Editor’s Note: In order to learn more about the candidates for President of the American Library Association, HLS asked the candidates a few questions about topics relevant to students and early career librarians. Read on to hear what they have to say!

Christine Lind Hage has been a full-time public librarian for 45 years and has been responsible for five major library construction projects. Recognized as Michigan’s Librarian of the Year in 1997 she has published and presented widely on various public library subjects both nationally and internationally.

Christine has been a frequent contributor to PUBLIB and is the author of THE PUBLIC LIBRARY START-UP GUIDE published in 2004 by ALA. Within ALA Christine is a past president of the Public Library Association and is the past president of United for Libraries. She also served as an ALA Councilor for 12 years, and Chair of the Office of Information Technology’s America’s Libraries for the 21st Century Committee.

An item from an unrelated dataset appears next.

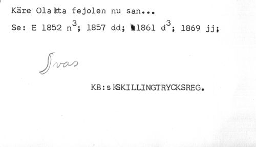 //// Kare Olakta fejolen nu san... //// Se: E 1852 n^; 1857 dd; M861 d^; 1869 jj; //// KB: s ^SKILLINGTRYCKSREG. //// * ... i' '.''.'i,.:'''*'':''''''' ' ////
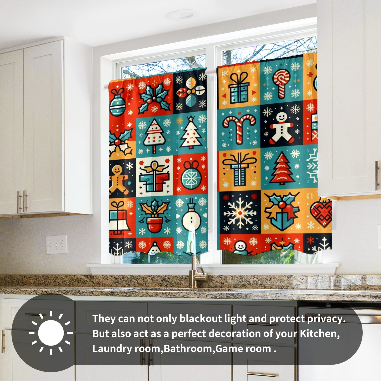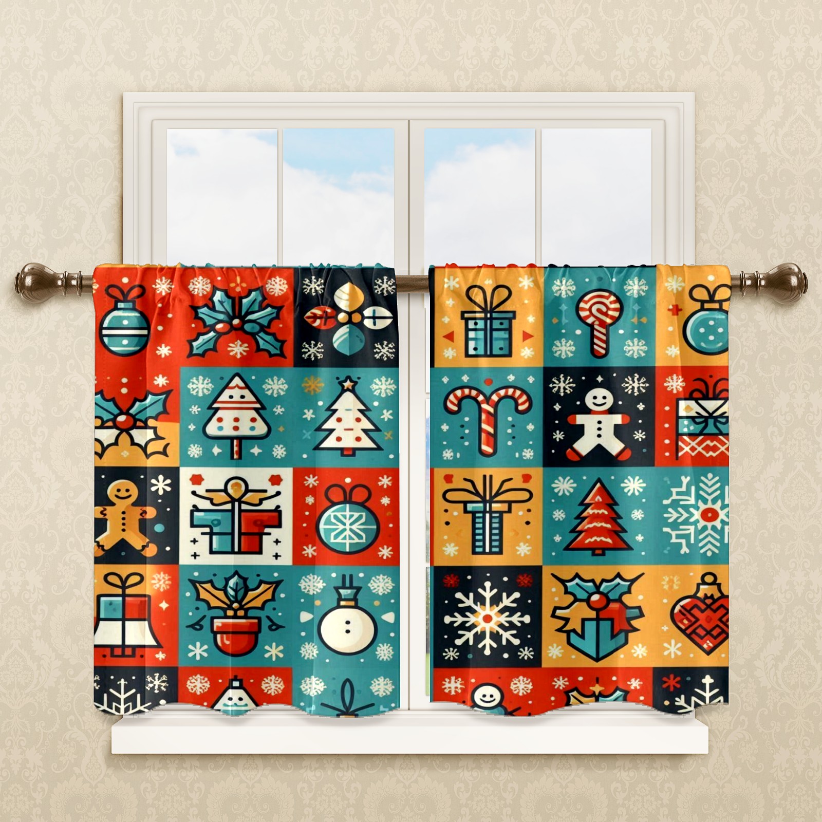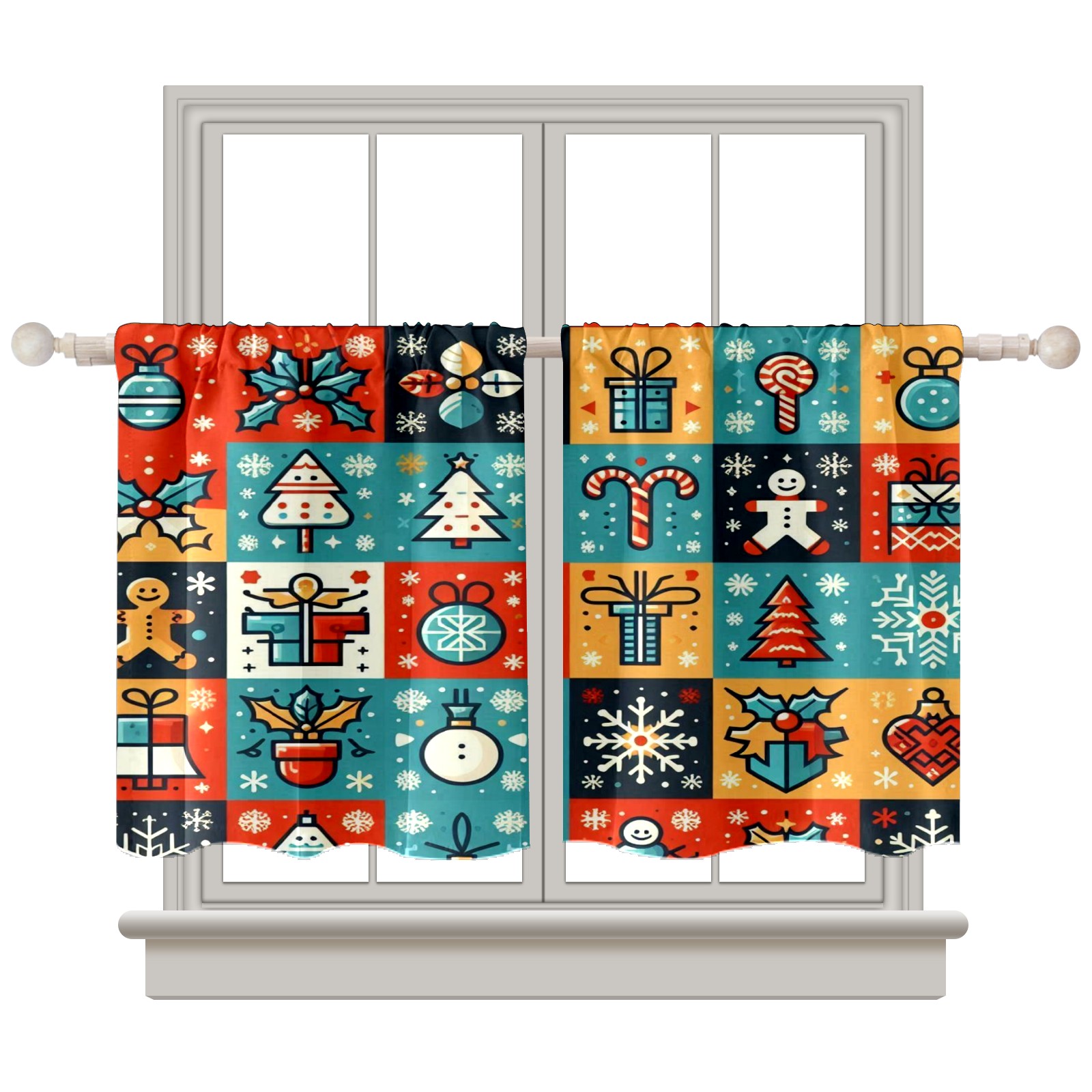 Шторы-панно для дома, декоративные драпировки для гостиной и спальни, легкие и прочные, Blue Red Christmas Icons

She knew she would be a librarian since she was 8 years old and has never worked anywhere but a library. She is currently the director of the Rochester Hills (MI) Public Library.

1. In your opinion, what is the greatest challenge that LIS students face? How would you encourage/implement solutions to this problem as president of ALA?

I understand that students are interested in getting a job. I urge students to take advantage of internships in different kinds of libraries, to volunteer or to get part-time jobs in libraries. The exposure and experience will help clearly identify the type of library work you will make you the happiest.

These experiences will also allow you to make yourself known to potential employers.  Networking is essential to get yourself known.  Maintain contact with your fellow students and build your own network.  Get involved in local state and national library associations. Network in any way you can.

One of the first jobs the President-Elect of ALA needs to tackle is the committee appointment process.  We offer intern opportunities on all ALA committees. These positions are for ALA members who have never served on and ALA committee so this is a perfect way for people new to the profession to get involved.  If you go to the ALA website you can learn about volunteer opportunities. I promise to appoint new people to each committee.

There is even an opportunity for you to get involved on the international level next year when IFLA will be in Columbus, OH.  IFLA only comes to the US about every 10 years.  You should consider volunteering because volunteers are admitted to the conference free!  The IFLA Volunteer Website is at  go.osu.edu/iflavolunteer.

2. According to the ALA Searchable Database of Accredited Library and Information Science programs, there are 59 ALA accredited programs in the US, Canada and Puerto Rico. What, in your opinion, is the value of ALA accreditation? What changes, if any, do you think should be made to the accreditation process? How will you work with ALISE (The Association For Library and Information Science Education) to revise the accreditation process?

Although I’ve taught the graduate level public library class at Wayne State University and of course have my MLS degree, I can’t say I have great insight to the accreditation process. I know that the ALA Accreditation Committee conducts a thorough investigation and study of library schools and that the schools seriously prepare for the accreditation visit.  I am comfortable relying on the Accreditation Committee’s recommendation.

3. What’s your take on the shift at some programs away from the word ‘library’ as an identifier? What does the change from ‘library’ to ‘information science’ signify?

My alma mater, the University of Michigan, was a library school, but has since changed its name to the School of Information.  Although I love the word “library” the change in focus doesn’t bother me.  Today we need library workers with a variety of different skills.  Libraries need people who can evaluate, organize and deliver information to our patrons in a variety of formats.  I have been impressed with the varied skill sets that recent graduates bring to their first job.

4. Other than joining ALA and getting involved, what advice do you have for new professionals entering the field of library and information science?

Network, network, network.  This is an exciting profession and we have people interested in every facet of the profession.  Talk to librarians and find out what they enjoy about their work and career.  Don’t limit yourself to one library.  Be open to new experiences. This is a constantly evolving profession with so many facets that no one need ever be bored.

5. Just for fun: what is the last book you read?

Catherine Anderson’s, A New Leaf, c. 2016

 

Thank you so much for talking with us Christine!

Readers, don’t forget to vote! Polls are open from March 15-April 22 and all ALA members are eligible to vote.